ANASTRO1 — IN DEPTH.
What Anastrozole is
Anastrozole, sold as Arimidex by AstraZeneca and several generic manufacturers, is a third-generation non-steroidal aromatase inhibitor (AI). It selectively binds the aromatase enzyme and prevents the conversion of androgens to estrogens. It is a first-line endocrine treatment for hormone-receptor-positive breast cancer in post-menopausal women, and it is the most commonly used AI in anabolic-steroid cycle support.
Pharmacology and kinetics
Plasma half-life is approximately 50 hours, giving anastrozole a long, stable suppression of estradiol production from a single dose. Steady-state serum levels are reached after about a week of regular administration. Anastrozole is reversible — once dosing stops, aromatase activity recovers within days — which makes it easy to titrate against bloodwork.
Where it fits in a cycle
Anastrozole is an on-cycle estrogen control compound, used to keep estradiol within physiological range while running aromatising anabolics such as testosterone, methandienone or oxymetholone.
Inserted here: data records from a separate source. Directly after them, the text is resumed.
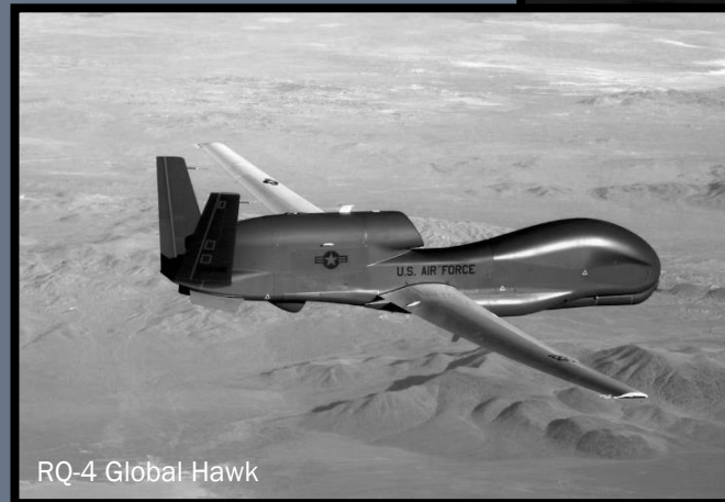
RQ-4 Global Hawk

Wright-Patterson AFB Robins AFB Waco, TX Greenville, TX Denver, CO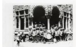
Teller Institute Band in Doorway of Grand Valley National Bank (F473.1)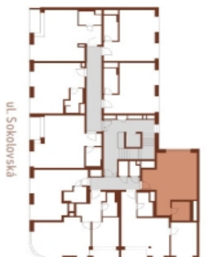
Situace v projektu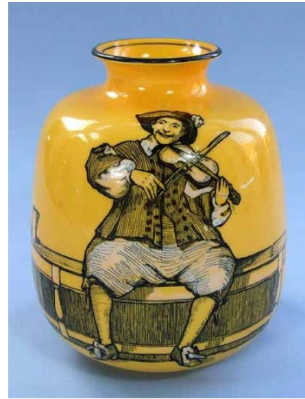
V6. Gentleman fiddler (height 100mm).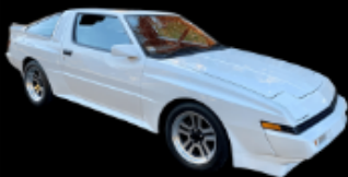
1987 Mitsubishi Starion ESI-R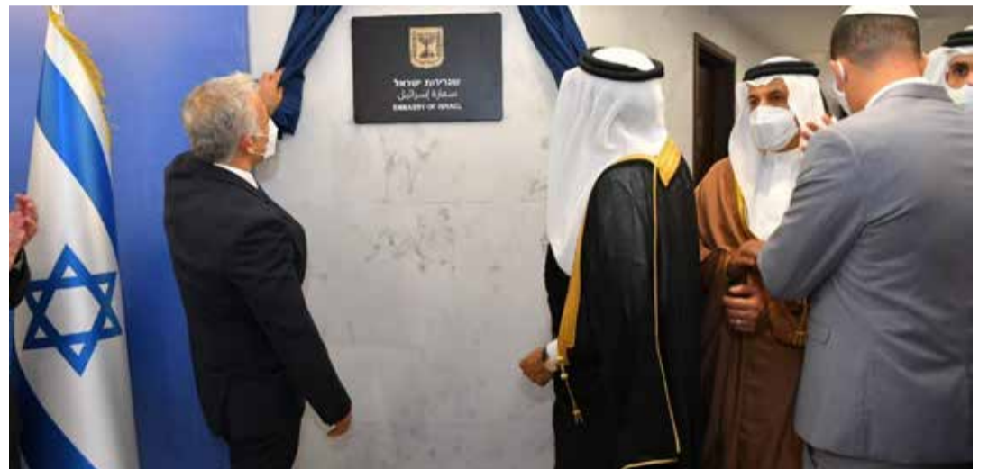
The opening of Israel Embassy in the Kingdom

industries in Israel are on the way to the Kingdom to forge partnerships as well as start operations here.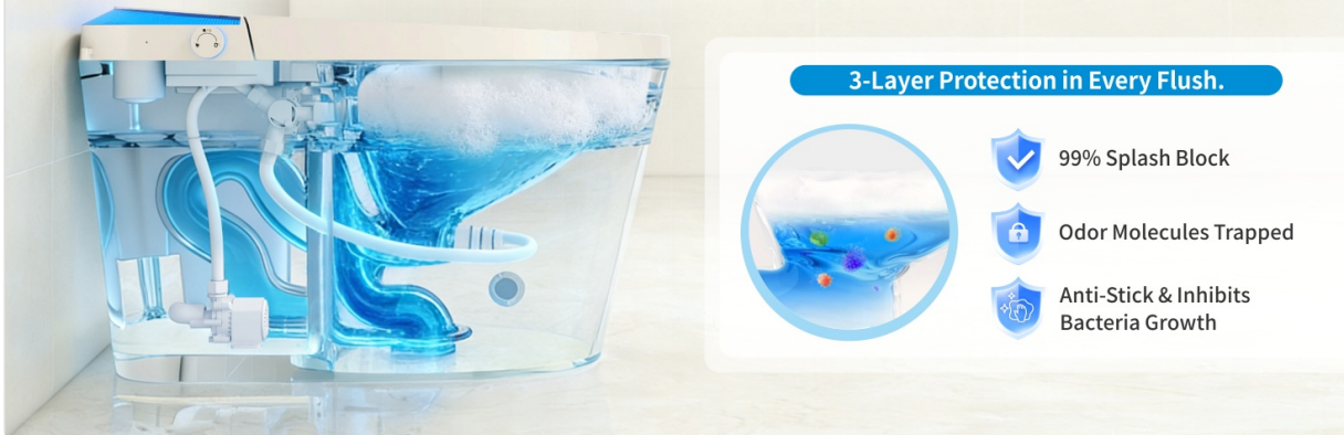
Figure 12: Detailed diagram of the Foam Shield mechanism providing 3-layer protection.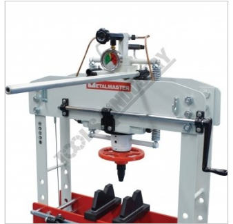
Handle To Operate Ram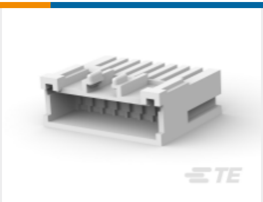
TE Part #5-316092-1 2.5 SIGNAL D/LOCK CAP HSG 8P (GWT)

Typical doses range from 1 mg twice per week to 1 mg every other day, adjusted against E2 bloodwork — over-suppression of estrogen is its own problem and produces joint pain, lipid disturbance and libido loss.
What to expect
Controlled estradiol levels, reduced water retention, lower risk of gynecomastia, and predictable on-cycle bloodwork when dosed correctly. It is not a PCT compound — SERMs (clomiphene, tamoxifen) are used for HPTA recovery instead.
Blackbird Pharma's preparation
Anastro 1 is supplied as 50 oral capsules of micronised anastrozole in microcrystalline cellulose with a gelatin shell. Each active batch is supported by an independent EU laboratory certificate confirming identity and per-capsule content.